Ces propos synthétisent dix des seize propositions du groupe de travail « Normes agricoles » de la commission des affaires économiques du Sénat.
Les six autres sont concrètes et font échos aux revendications syndicales. Certaines ont été émises lors des états généraux de l’agriculture en 2015.
Mais l’overdose normative dénoncée par les sénateurs résulte en partie de la méconnaissance des processus contre lesquels les normes imposées sont tentées de combattre. Et comme les résultats attendus ne sont pas aux rendez-vous, les autorités redoublent alors de mesures pas pour autant plus efficaces.
La maitrise des taux de nitrates est l’exemple flagrant de cette escalade normative. Depuis plusieurs années, les recherches conduites sur les mécanismes de lessivage des sols ont montré que les capacités de rétention des sols en minéraux (NPK) sont sous-estimées.

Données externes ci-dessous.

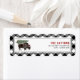 Illustration of a buffalo wearing a santa hat with a snow covered Christmas tree tied to its back. Border is black and white buffalo plaid pattern.
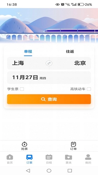 在订票页面,我们可以根据行程安排搜索车票,并且设置抢票提醒功能。
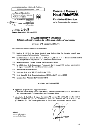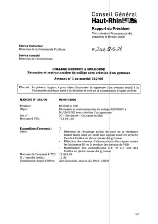 COLLEGE KENNEDY A MULHOUSE Extension et restructuration du collège avec création d'un gymnase Avenant n0 1 au marché 352/06

Leur écoulement dans les nappes phréatiques est plus lent et plus compliqué que prévu. Aussi, la baisse des quantités d’engrais épandues ne se traduit pas systématiquement par des diminutions de taux de nitrates.
C’est pourquoi le bilan des programmes de mises aux normes des exploitations est plutôt décevant. Ils ont été mis en place il y a plus de 20 ans sans réelle connaissance des mécanismes de réduction des taux de nitrates dans le sol.
Proposition n° 1 : Faire adopter un plan de simplification par le Conseil supérieur d’orientation de l’économie agricole et agroalimentaire, avec des objectifs chiffrés. Rendre le plan de simplification opposable aux autres ministères. Rendre compte une fois par an devant le Parlement.
Proposition n° 2 : organiser l’association systématique de la profession agricole lors de l’élaboration de normes pilotées par d’autres ministères que le ministère de l’agriculture, mais qui peuvent avoir un impact sur le secteur agricole.
Proposition n° 3 : faire une analyse d’impact économique systématique sur l’agriculture des nouvelles normes.
Proposition n° 4 : pour les normes prises en application de textes communautaires, mettre en place un contrôle approfondi de la sur ou sous-transposition et s’interdire réellement de sur-transposer.
Proposition n° 5 : proposer un accompagnement lors de la mise en place des nouvelles normes, en orientant les personnels des services déconcentrés de l’État et des chambres d’agriculture vers ces missions.
Proposition n° 6 : développer l’expérimentation des normes avant généralisation.
Proposition n° 7 : faire évoluer les contrôles en agriculture.
Proposition n° 8 : mettre en place une évaluation ex-post des normes agricoles dans un délai de 3 à 5 ans après leur mise en oeuvre et abroger les dispositions ayant un effet négatif ou insuffisant par rapport aux objectifs initiaux.
Proposition n° 9 : faire appliquer le principe voulant qu’une norme agricole créée doit être « gagée » par une norme abrogée.
Proposition n° 10 : faire évoluer les règles de la PAC pour donner une tolérance sur les calculs de surface.
Proposition n° 11 : assouplir les règles en matière de prairies permanentes.
Proposition n° 12 : aligner les exigences en matière d’études d’impact des installations classées agricoles sur le droit européen.
Proposition n° 13 : imposer à l’administration un délai d’instruction pour les installations classées, tout dépassement de délai valant approbation.
Proposition n° 14 : faciliter la mise en place de retenues collinaires.
Proposition n° 15 : différer pour l’agriculture la mise en place du compte pénibilité et la complémentaire santé.
Proposition n° 16 : allègement des plans d’épandage, sans référence à la parcelle.